The Office of Fair Trading upset the mobile phone companies this week by ordering cuts in the price of calls between networks. The operators say they will simply have to recoup this money by raising prices elsewhere, including handset prices. Vodafone has threatened a judicial review. The big loser is O2, because most of its revenue comes from the UK. It will delay the start of third-generation services as a result.

Life insurance companies have started reporting new business figures for 2002. This data shows how much new cover they have written and are a good indicator of their profit performance. So far, figures from Aviva and Prudential have been resilient, although share prices in the sector are bombed out and look temptingly cheap.

A mixed picture of Christmas trading continues to emerge from the country’s leading retailers. Among the firms reporting last week were Boots and Carphone Warehouse, both of which reported better-than-expected figures. Boots, however, did have to cut prices to boost sales, which in turn will reduce profit margins.
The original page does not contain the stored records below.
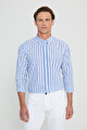 %100 Pamuk Slim Fit Dar Kesim Düğmeli Yaka Çizgili Lacivert-Beyaz Gömlek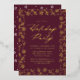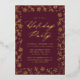 Elegant holiday party invitation with a border of gold foil snowflakes and pine branches on a berry purple background. "Holiday Party" is displayed in a gold foil calligraphy script with your party details shown below. The snowflake holiday party invitation reverses to display a beautiful snowflake pattern.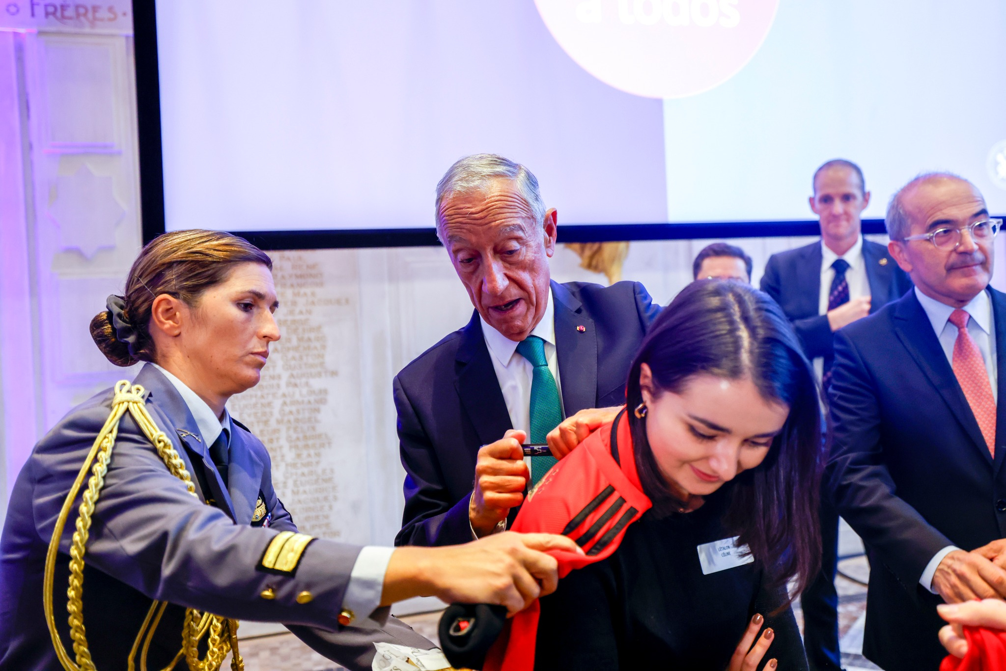 Muni du sabre d’honneur du Commandant de ces marcheurs, Son Excellence Marcelo Rebelo de Sousa ordonna, dans un excellent français : « Portez armes ! Présentez armes ! En joue ! » … Et, ayant baissé son sable, une salve retentit sous son ordre.
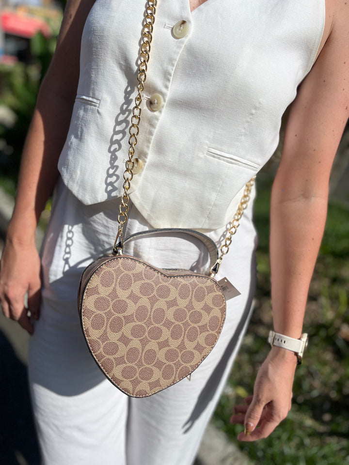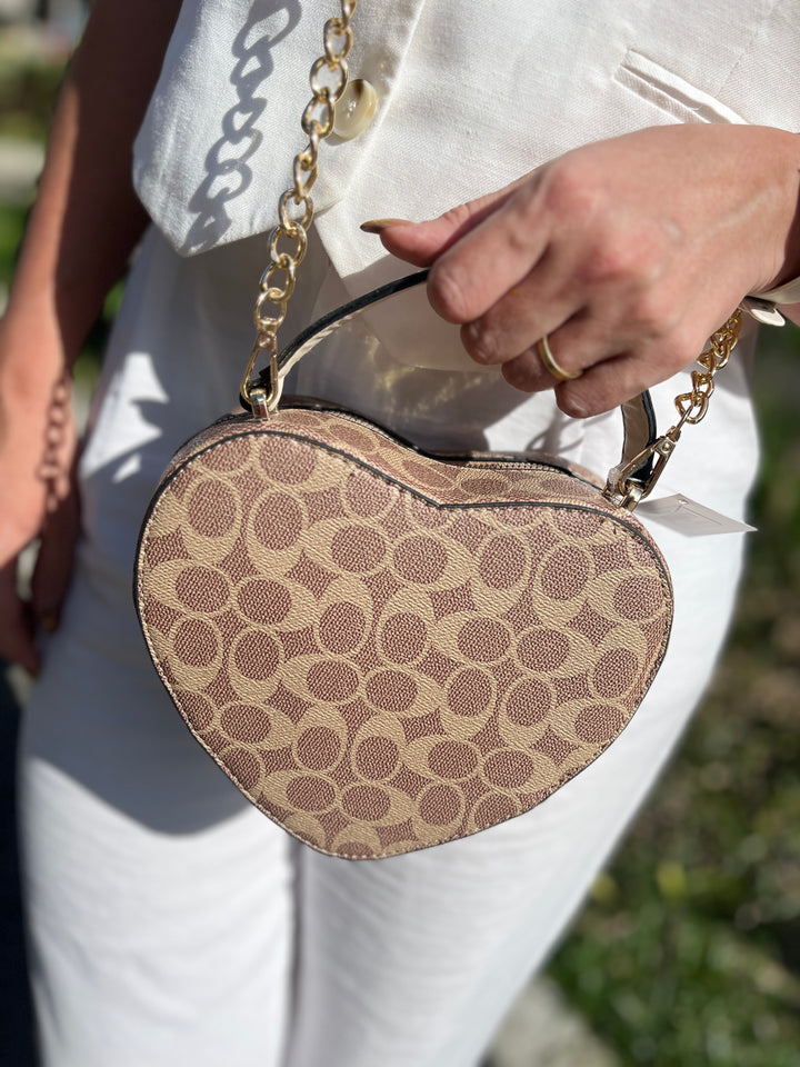 BOLSO CAFE DE CORAZON CON HERRAJES DORADOS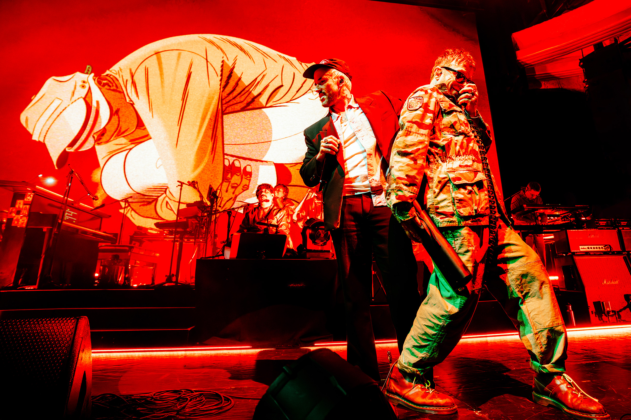 Pictured are Damon Albarn and IDLES member Joe Talbot against an image of Russel Hobbs. The two performed the single “The God of Lying,” which leans into the band’s earlier sound. (Courtesy of Pooneh Ghana)

Bar operators Luminar and Yates have both warned of slowing sales after a poor Christmas season. The troubles at Yates are no surprise, as the company has been struggling for some time. But nightclub owner Luminar is viewed as one of the sector’s stronger operators. It is selling off some of its less profitable units, but warned that tough industry conditions – cut-price drinks promotions are the chief culprit – are likely to persist.